*What you should do*
The records below must be output exactly, with no images carried over.

*Data to process*
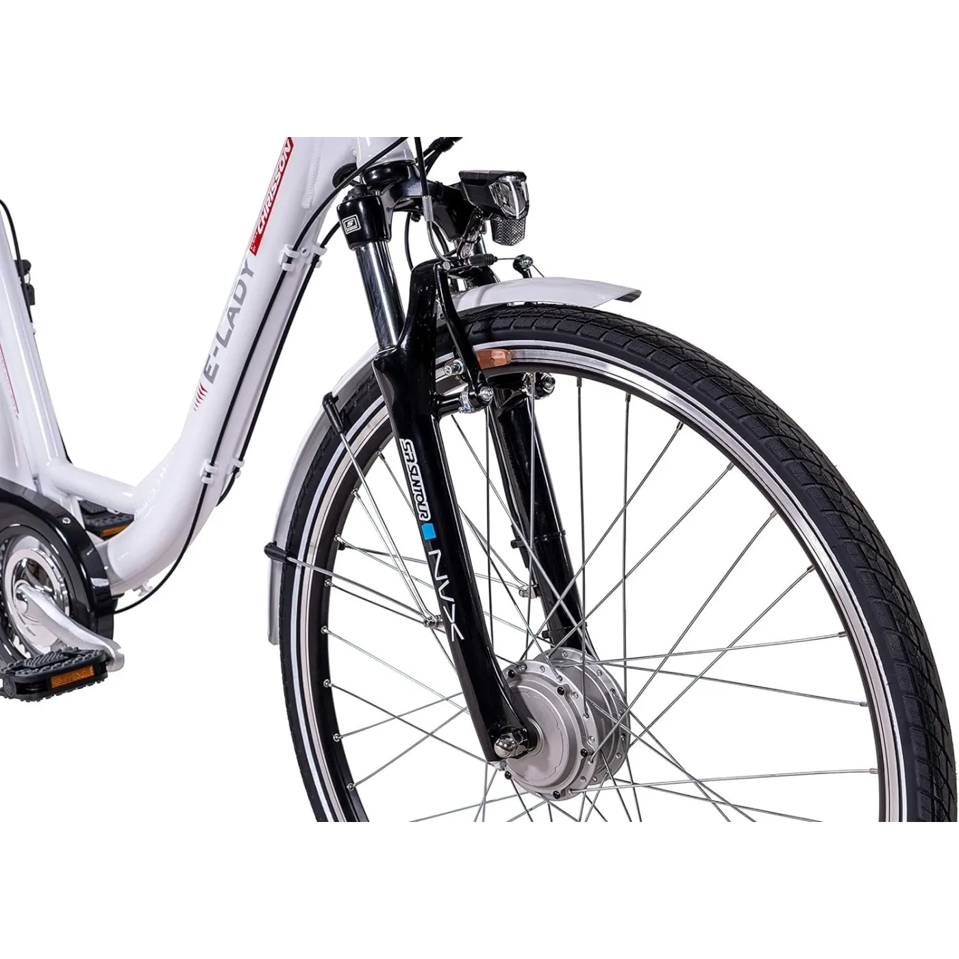 💎 Chrisson E-lady z ramą wykonaną z aluminium to wygodny i praktyczny środek transportu w miejskiej dżungli. Dzięki hamulcom typu V-brake, jazda jest bezpieczna i kontrolowana, a przerzutka 8-biegowa Shimano Altus oraz manetka obrotowa Revoshift sprawiają, że zmiana tempa jazdy jest płynna i komfortowa.
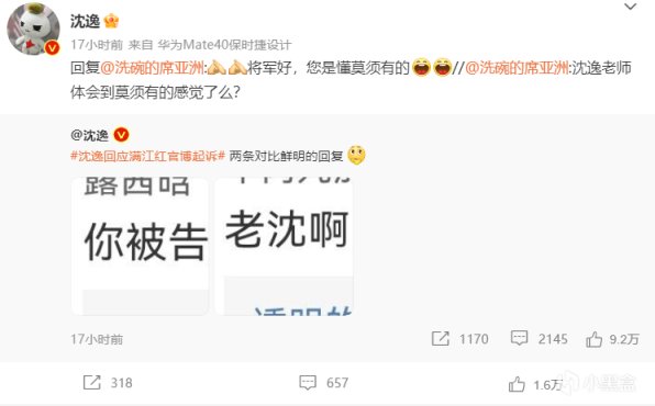 復旦大學知名網紅,國際ZZ系人氣講師、國際ZZ系博士沈逸不卑不亢,表示自己的微博能夠引起片方的重視有些“受寵若驚”。起訴是權利,應訴是法律義務。以事實爲依據,以法律爲準繩。相信片方能夠在庭審環節以嚴謹證據來回應關切說明真相。並附上霸氣的三字:法院見!也有好友調侃沈逸老師是否體會到了莫須有的感覺!
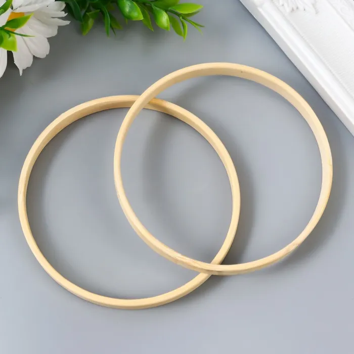 Бамбук — это не только экологически чистый материал, но и невероятно прочный, что гарантирует долговечность вашим поделкам. Компактный размер колец позволяет легко работать с ними, а их круглая форма идеально подходит для создания классических ловцов снов. Вдохновляйтесь и превращайте эти заготовки в настоящие произведения искусства, наполняя их перьями, нитями и бусинами.
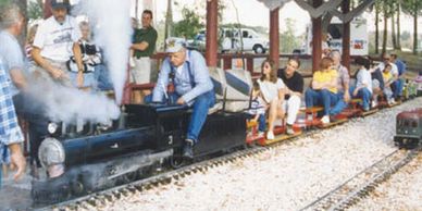 Why 1-1/2" scale? Because that size is large enough to ride on comfortably yet still small enough so we can load our trains into a pickup truck or trailer and take them to one of the many other tracks across the country.
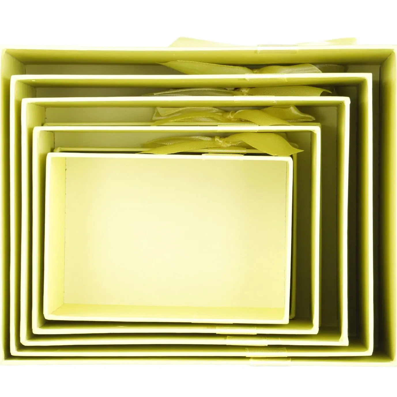Mit diesem Geschenkkarton-Set erhältst du fünf edle Boxen aus verstärktem Papier in verschiedenen Größen. Als optisches Highlight dient eine Zierschleife, welche jeder Karton trägt. Das Set ist in verschiedenen Farben erhältlich. Folgende Größen sind im Set enthalten: 13 x 9 x 8 cm15 x 11 x 9 cm17 x 13 x 9.5 cm18.5 x 14.5 x 10.5 cm20.5 x 16.5 x 11 cm
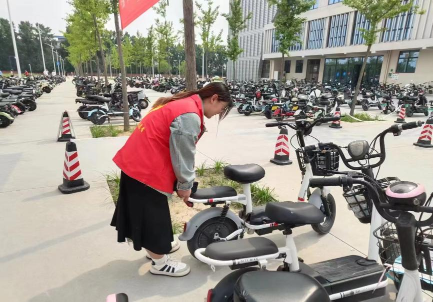 4月27日,数理学院学生组织的同学们在22宿舍楼开展了“整齐摆车,人人有责”活动。同学们将自行车摆放整齐,倡导文明用车,共同营造整洁有序的校园环境。
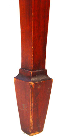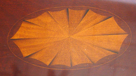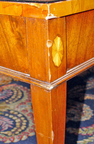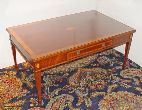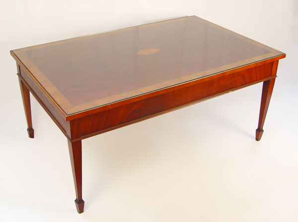 MAHOGANY PATERA INLAID COFFEE TABLE: Generous size top protected by glass, spade legs, 21 1/2'' high x 47 1/2'' x 29 1/2''. Please note some small chips on left side - under top corner and along outer edge of leg.

*Exercise answer*
 💎 Chrisson E-lady z ramą wykonaną z aluminium to wygodny i praktyczny środek transportu w miejskiej dżungli. Dzięki hamulcom typu V-brake, jazda jest bezpieczna i kontrolowana, a przerzutka 8-biegowa Shimano Altus oraz manetka obrotowa Revoshift sprawiają, że zmiana tempa jazdy jest płynna i komfortowa.
 復旦大學知名網紅,國際ZZ系人氣講師、國際ZZ系博士沈逸不卑不亢,表示自己的微博能夠引起片方的重視有些“受寵若驚”。起訴是權利,應訴是法律義務。以事實爲依據,以法律爲準繩。相信片方能夠在庭審環節以嚴謹證據來回應關切說明真相。並附上霸氣的三字:法院見!也有好友調侃沈逸老師是否體會到了莫須有的感覺!
 Бамбук — это не только экологически чистый материал, но и невероятно прочный, что гарантирует долговечность вашим поделкам. Компактный размер колец позволяет легко работать с ними, а их круглая форма идеально подходит для создания классических ловцов снов. Вдохновляйтесь и превращайте эти заготовки в настоящие произведения искусства, наполняя их перьями, нитями и бусинами.
 Why 1-1/2" scale? Because that size is large enough to ride on comfortably yet still small enough so we can load our trains into a pickup truck or trailer and take them to one of the many other tracks across the country.
Mit diesem Geschenkkarton-Set erhältst du fünf edle Boxen aus verstärktem Papier in verschiedenen Größen. Als optisches Highlight dient eine Zierschleife, welche jeder Karton trägt. Das Set ist in verschiedenen Farben erhältlich. Folgende Größen sind im Set enthalten: 13 x 9 x 8 cm15 x 11 x 9 cm17 x 13 x 9.5 cm18.5 x 14.5 x 10.5 cm20.5 x 16.5 x 11 cm
 4月27日,数理学院学生组织的同学们在22宿舍楼开展了“整齐摆车,人人有责”活动。同学们将自行车摆放整齐,倡导文明用车,共同营造整洁有序的校园环境。
 MAHOGANY PATERA INLAID COFFEE TABLE: Generous size top protected by glass, spade legs, 21 1/2'' high x 47 1/2'' x 29 1/2''. Please note some small chips on left side - under top corner and along outer edge of leg.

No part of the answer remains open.